Marketing channels, customer journeys, and experimentation
In contrast to podcasting, which is more difficult to attribute, Steffen says that it's relatively easy to understand leads that are actively searching for the solution. It's easy because these people are so close to booking a demo or signing up for your product. They could come from Google search, organic search or paid ads. They could come from review platforms or SaaS marketplaces. The difficult part is that potentially only 2% of your market is actively buying at any given moment:
"This is where you need to do marketing tactics to get in front of the right people that are just not in the market right now, so that when they switch to buying, you can capture that demand, maybe even without competition, because you've done your marketing well before that."

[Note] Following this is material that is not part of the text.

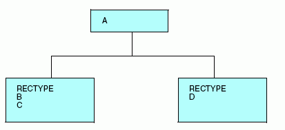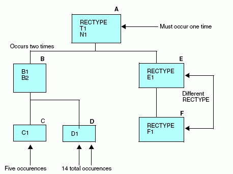 The relationship between the records of various types is expressed as parent-child relationships. The children that contain record types 02 and 03 do not have an OCCURS attribute. They are distinguished from their parent by the field declaration where field=RECTYPE.

Knowing that many B2Bs heavily underestimate how long their customer journeys are, Steffen recommends that companies start storing all the data about the journeys in one place. By digitizing the behaviors now, you will have that data later when you go running different marketing experiments. Timing the length of these experiments can be difficult depending on how long the customer journeys are — it may be impractical to wait as long as needed to see if deals close. To get around this, Steffen encourages finding a good proxy for revenue that isn't necessarily a fully closed deal:
"Anybody involved in revenue should know these numbers in your company: for a deal, how many opportunities do you need? For an opportunity how many marketing qualified leads do you need? For a marketing qualified lead, you need X amount of leads. And if you know these metrics, then you have a qualified guess about what activity leads to revenue."
For smaller companies that may not have the amount of data they need for rigorous quantitative analyses, it is important to collect the data today. That way it will be available for analysis tomorrow.
Funnels, awareness, knowledge transfer
Jane asks Steffen how he juggles different marketing funnels. While he has automations set up at Dreamdata, he doesn't like to think about funnels in the typical sense because it's hard to force users into a set path. Instead, he says:
"I think it's about consistently producing high-quality content and getting in front of people. You're consistently staying top of mind with quality inputs to their world."
At Dreamdata, they do this with "social selling" so that they can get a log of high-quality touches in before conversion. To find these leads, he says go to where your customers are expressing their most clear intent to buy. For Dreamdata, that might be finding the people that are already on G2 looking for attribution. As their sales teams learn from the selling process, similar sentiments that they hear over and over get distributed to the marketing team, so that the information doesn't get lost and can be used to make process improvements.
Do try to know as much as you can from the data.
“You want to support your thinking and your gut feeling with data so you get more insights into whether the ads are working or not.”
Don't blindly trust any of the data that you are looking at.
“If something looks too good to be true, it's always too good to be true.”